Vincent steps up beside me, the scent of his cologne mingling with coffee and cinnamon. He slides a mug into my hand—the dark roast just the way I like it, a splash of cream, two sugars, and the faint steam curling up between us.
“Your timing is perfect,” I murmur, taking the first sip. The heat fills my chest, chasing away what’s left of the morning chill.
He brushes his thumb along my jaw, his eyes softer now. “You doubt me?”
“Constantly.” I grin into my cup, but his answering smile has that slow burn I’ll never get used to.
He leans down just enough that his breath brushes my ear. “You need me to pick out your outfit today, don’t you?”
I tilt my head toward him, smiling over the rim of my mug. “I was hoping you’d volunteer. You know how indecisive I get with sweaters.”
Vincent’s lips curve into something that looks dangerously close to smug. “Always,” he murmurs against my mouth, before placing a soft peck there.
A chorus of tiny voices erupts behind us.
“Ewww!”
Theo’s voice is the loudest, drawn out and scandalized, while Penny covers her eyes dramatically.
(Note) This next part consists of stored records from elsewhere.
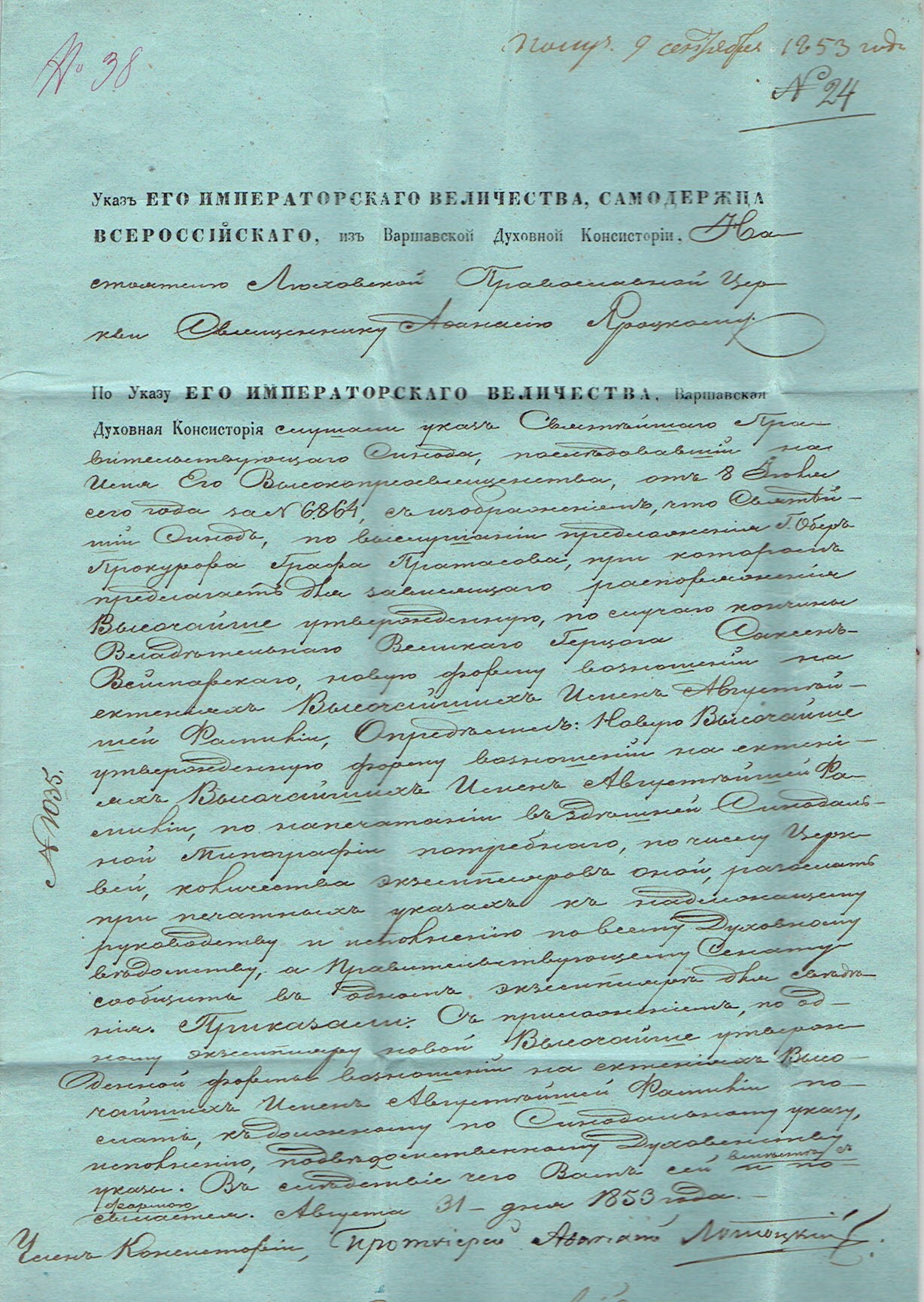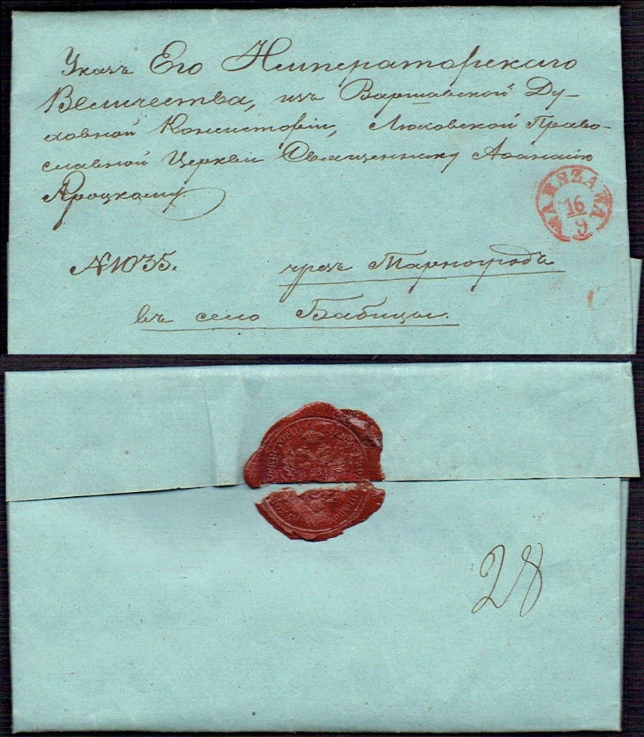 1853 Warszawa, kompletny list składany wysłany z Warszawy zawierający instrukcje Warszawskiej Duchownej Konsystorii, stempel nadawczy typu IIIC, treść listu napisana na papierze firmowym, z tyłu ładnie odciśnięta pieczęć lakowa Warszawskiej Prawosławnej Konsystorii. | |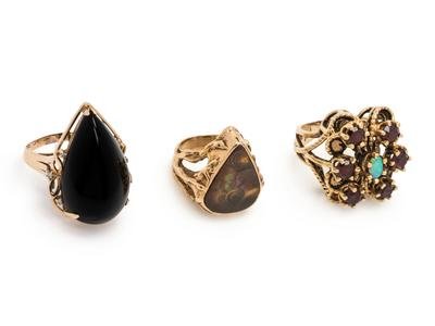 COLLECTION OF YELLOW GOLD AND GEMSTONE RINGS
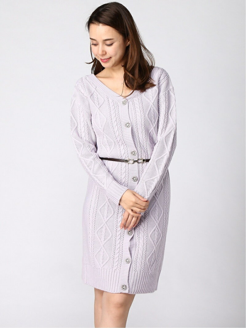 Debut de Fiore(デビュードフィオレ)2WayケーブルニットOPエレガントなウエストベルトつきのケーブルニットワンピース。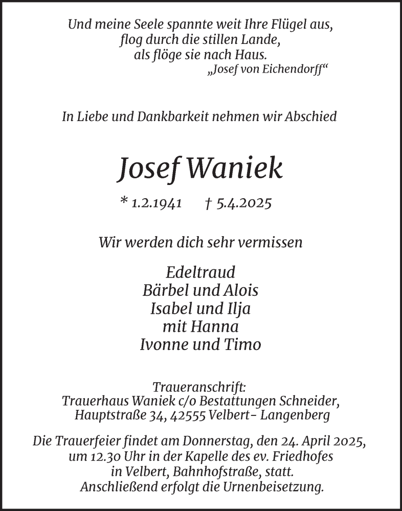 Hier finden Sie alle Traueranzeigen aus der Zeitung, die bisher für Josef Waniek erschienen sind. Weitere Traueranzeigen, die in der Zeitung erscheinen, werden hier ebenfalls aufgelistet

Rose groans, muttering something about “public displays of parental affection,” and Elise giggles like it’s her favorite secret.
Vincent pulls back, laughter rumbling low in his chest. “We’ve offended the peanut gallery.”
“Tragic,” I say, pulling him in closer. “Should we apologize?”
“Never,” he says, still smiling, brushing a kiss against my lips.
Cast rolls his eyes and sets down his mug. “Alright, lovers—enough traumatizing the youth.”
Rose hops off her stool, clapping her hands for attention. “Everyone, follow Papa for showers and getting ready!” she declares, her voice full of bossy authority.
“Who elected you leader?” Theo challenges, already half-running for the stairs.
“I did!” she shouts, chasing after him.
Penny snickers, darting between them with Elise close behind, her curls bouncing as she yells, “I call the pink towel!”
“Not again,” Cast groans, already following the stampede, muttering under his breath about mutiny and missed coffee.
Damien just shakes his head, flipping another pancake with a smirk. “You’d think we were sending them to war, not to bathe.”
Vincent sets his cup down beside mine, eyes following the chaos as it disappears up the staircase. The laughter, the squeals, the running feet—it fills every inch of the house.
When the last footstep fades, the silence that follows is warm and familiar, like the space after a song ends but before the echo dies.
Vincent looks down at me, one hand brushing a stray piece of hair behind my ear. “You sure you want to deal with all that at the tree lot?”
I smile into my coffee. “It wouldn’t feel like Christmas without the chaos.”
By the time we reach the tree lot, the day has softened into that pale kind of winter sunlight that can’t quite decide whether to warm or vanish. The air smells like pine and frost and woodsmoke, and the kids scatter before the car’s doors are closed—laughing, shouting, darting between rows of evergreens dusted with snow.
Rose is bossing Theo, Penny is arguing about symmetry, Elise is humming to herself and dragging a twig like it’s a magic wand. Damien trails after them with mock patience, pretending to be the “tree inspector,” while Vincent handles the details—price tags, twine, logistics.
I stand back for a moment, gloved hands in my coat pockets, just watching. The scene is a kind of perfect that almost hurts: the kids darting in and out of light, the scent of pine sap sharp in the air, the faint sound of carols playing through tinny speakers somewhere near the cashier’s booth.
“Found it!” Theo yells, voice muffled by the scarf he refuses to wear properly. “This one’s perfect!”
Rose, ever the authority, circles it like a judge at a competition. “It’s lopsided.”
“No, it’sartistic,” Penny insists, brushing snow from one of the lower branches.